Try it: Copy each line below exactly and leave the pictures out.

Dataset excerpt:
◇ ◇ ◇ ◇ ◇ ◇ ◇
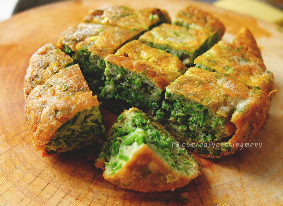 4.ใส่น้ำมันมากหน่อยเหมือนเจียวไข่ปกติ เปิดไฟกระทั่งน้ำมันร้อน ใส่ไข่ผสมชะอมลงไป เกลี่ยชอมให้ทั่ว พอไข่เริ่มเซทตัว ให้กลับด้าน เบาไฟลงนิดหน่อย
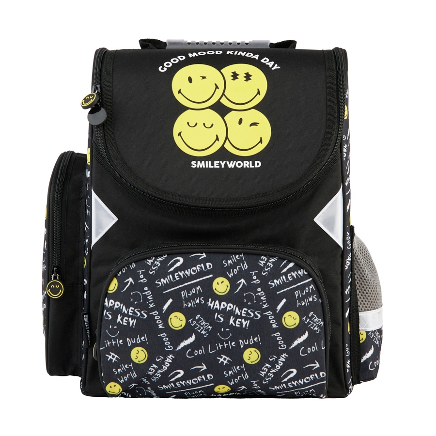 W głównej komorze wewnętrzna przegroda, dodatkowo kieszonka z siatki oraz przeźroczysta kieszeń na wizytówkę lub plan lekcji.
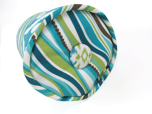 - ¼ yard of 45″ wide coordinating indoor/outdoor fabric as the secondary fabric for the end panels and button covers; we originally used 54″ Jaipur from Terrasol Indoor/Outdoor in Peacock
◇ ◇ ◇ ◇ ◇ ◇ ◇
Result of the exercise:
 4.ใส่น้ำมันมากหน่อยเหมือนเจียวไข่ปกติ เปิดไฟกระทั่งน้ำมันร้อน ใส่ไข่ผสมชะอมลงไป เกลี่ยชอมให้ทั่ว พอไข่เริ่มเซทตัว ให้กลับด้าน เบาไฟลงนิดหน่อย
 W głównej komorze wewnętrzna przegroda, dodatkowo kieszonka z siatki oraz przeźroczysta kieszeń na wizytówkę lub plan lekcji.
 - ¼ yard of 45″ wide coordinating indoor/outdoor fabric as the secondary fabric for the end panels and button covers; we originally used 54″ Jaipur from Terrasol Indoor/Outdoor in Peacock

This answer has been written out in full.